First off, I'd like to apologize again for taking so long to figure out
and write up my opinion. I still feel a little bit swamped with all of
the information that I've reviewed to come to my opinion, and I
certainly don't yet completely understand the full architecture of
either upstart or systemd even though I've been working with them both
for a while now

From the information which I have reviewed, and seen, either upstart or
systemd are viable choices for Debian, but we must choose between them.

Upstart has much clearer documentation than systemd, but systemd's
documentation is sufficient.[1]

Systemd's declarative style has the advantage of being directly
parsable, but the disadvantage of forcing logic out into daemons...
though that's probably where it should be in the first place.[2]

Upstart's CLA is problematic, and coupled with the fact that the rest of
the non-Debian distributions appear to be standardizing on systemd gives
me pause. I'm not sure if this is actually a major concern, though, as
long as Ubuntu continues using upstart.

Systemd's socket-based activation and cgroup based tracking are
technically superior to upstart, even though the latter causes problems
with portability to non-linux systems.

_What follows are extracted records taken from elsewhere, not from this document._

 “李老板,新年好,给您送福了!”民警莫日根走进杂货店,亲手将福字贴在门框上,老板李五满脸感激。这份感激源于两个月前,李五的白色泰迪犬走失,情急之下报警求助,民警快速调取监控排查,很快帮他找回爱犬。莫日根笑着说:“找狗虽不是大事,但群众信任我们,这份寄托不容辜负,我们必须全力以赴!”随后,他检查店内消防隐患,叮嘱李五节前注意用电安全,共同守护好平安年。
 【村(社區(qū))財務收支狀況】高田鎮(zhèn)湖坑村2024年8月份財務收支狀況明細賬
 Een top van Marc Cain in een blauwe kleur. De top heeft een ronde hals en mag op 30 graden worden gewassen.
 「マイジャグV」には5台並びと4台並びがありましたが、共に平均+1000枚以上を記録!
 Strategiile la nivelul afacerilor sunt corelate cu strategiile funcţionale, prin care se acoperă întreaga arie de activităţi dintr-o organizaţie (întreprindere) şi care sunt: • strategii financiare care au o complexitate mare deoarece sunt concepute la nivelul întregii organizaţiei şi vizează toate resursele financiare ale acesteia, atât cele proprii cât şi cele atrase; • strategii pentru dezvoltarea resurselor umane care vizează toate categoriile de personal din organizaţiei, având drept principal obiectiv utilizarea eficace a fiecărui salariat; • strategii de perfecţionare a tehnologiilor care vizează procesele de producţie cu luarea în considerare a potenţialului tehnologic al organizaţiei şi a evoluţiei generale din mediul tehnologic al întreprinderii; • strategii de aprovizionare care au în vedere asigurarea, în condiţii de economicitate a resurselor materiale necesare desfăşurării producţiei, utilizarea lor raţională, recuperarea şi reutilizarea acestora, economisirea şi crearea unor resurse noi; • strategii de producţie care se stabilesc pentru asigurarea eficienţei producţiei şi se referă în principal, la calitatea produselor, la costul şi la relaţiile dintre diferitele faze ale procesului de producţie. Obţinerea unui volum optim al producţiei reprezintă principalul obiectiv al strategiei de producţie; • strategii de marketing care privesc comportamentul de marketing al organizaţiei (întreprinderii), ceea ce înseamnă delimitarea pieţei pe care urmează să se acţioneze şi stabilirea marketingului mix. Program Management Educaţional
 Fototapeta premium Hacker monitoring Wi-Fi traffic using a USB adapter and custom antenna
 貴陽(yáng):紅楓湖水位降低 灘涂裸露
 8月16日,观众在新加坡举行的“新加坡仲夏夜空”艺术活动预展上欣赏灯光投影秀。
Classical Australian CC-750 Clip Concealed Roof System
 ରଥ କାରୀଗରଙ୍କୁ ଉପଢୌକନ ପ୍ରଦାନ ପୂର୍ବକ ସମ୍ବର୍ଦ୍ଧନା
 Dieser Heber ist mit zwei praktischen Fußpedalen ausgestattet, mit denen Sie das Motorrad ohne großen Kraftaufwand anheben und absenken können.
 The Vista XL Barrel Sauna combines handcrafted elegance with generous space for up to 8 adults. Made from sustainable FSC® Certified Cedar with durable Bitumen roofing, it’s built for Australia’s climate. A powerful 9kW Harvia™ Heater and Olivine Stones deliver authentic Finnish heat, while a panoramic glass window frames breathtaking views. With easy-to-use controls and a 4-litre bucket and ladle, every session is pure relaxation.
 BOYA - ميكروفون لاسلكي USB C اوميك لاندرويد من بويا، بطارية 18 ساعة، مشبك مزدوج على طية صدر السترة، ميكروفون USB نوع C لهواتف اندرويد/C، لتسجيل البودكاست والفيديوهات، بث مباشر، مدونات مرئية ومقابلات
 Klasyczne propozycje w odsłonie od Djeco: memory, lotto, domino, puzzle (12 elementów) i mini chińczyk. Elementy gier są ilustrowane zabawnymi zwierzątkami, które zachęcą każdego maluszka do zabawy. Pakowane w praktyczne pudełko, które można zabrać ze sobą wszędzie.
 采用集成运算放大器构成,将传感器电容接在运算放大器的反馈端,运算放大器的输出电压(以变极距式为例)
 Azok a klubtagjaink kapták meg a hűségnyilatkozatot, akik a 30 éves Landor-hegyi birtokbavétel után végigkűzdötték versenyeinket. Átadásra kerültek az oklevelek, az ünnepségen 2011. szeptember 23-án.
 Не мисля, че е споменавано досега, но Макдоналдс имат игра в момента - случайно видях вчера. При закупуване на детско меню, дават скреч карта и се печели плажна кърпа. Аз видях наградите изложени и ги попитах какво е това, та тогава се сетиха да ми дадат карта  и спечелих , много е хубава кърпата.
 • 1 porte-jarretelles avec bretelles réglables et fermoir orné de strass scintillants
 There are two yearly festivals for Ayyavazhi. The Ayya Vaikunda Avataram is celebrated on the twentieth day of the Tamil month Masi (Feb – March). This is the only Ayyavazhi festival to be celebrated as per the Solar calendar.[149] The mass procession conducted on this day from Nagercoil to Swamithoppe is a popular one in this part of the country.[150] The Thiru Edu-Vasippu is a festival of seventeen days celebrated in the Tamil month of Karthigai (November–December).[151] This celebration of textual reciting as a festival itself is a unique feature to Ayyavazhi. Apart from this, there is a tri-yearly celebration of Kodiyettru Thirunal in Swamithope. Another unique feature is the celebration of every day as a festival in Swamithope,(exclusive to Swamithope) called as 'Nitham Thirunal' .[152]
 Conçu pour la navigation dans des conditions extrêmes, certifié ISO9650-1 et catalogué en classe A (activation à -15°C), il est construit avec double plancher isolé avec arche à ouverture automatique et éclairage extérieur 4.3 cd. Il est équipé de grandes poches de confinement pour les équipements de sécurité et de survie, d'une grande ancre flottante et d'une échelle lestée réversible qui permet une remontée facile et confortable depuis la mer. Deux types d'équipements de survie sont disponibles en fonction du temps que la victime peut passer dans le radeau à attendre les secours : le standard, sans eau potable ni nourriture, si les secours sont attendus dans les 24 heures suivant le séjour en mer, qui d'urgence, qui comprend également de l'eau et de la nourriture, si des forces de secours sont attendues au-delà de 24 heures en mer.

However, if we were to decide on
upstart, we could have just a single init system everywhere, which would
be beneficial.[3]

Writing non-complicated unit or job files for systemd or upstart is
fairly straightforward, and should be easy for the vast majority of
packages. [A strong argument could be made that packages like
spamass-milter which it isn't so straightforward are deficient.]

With all that said, I think all of these considerations give me a slight
preference for systemd over upstart, though I believe that whatever the
committee decides on will be a great improvement over venerable SysV.

I should point out that I have not extensively examined openrc, nor have
I taken into account planned features and development in either systemd
or upstart which could sway my opinion.

Finally, thanks to everyone who has participated in this massive thread,
writing position statements, and putting up with all of the questions
that the CTTE has had.

1: For example, systemd could have much better introductory
documentation for unit file writers than it currently has. It also
describes many of its features in blog posts which are not written into
a cohesive manual which flows. I suspect these will be rectified in the
future, but I found it fairly frustrating to deal with.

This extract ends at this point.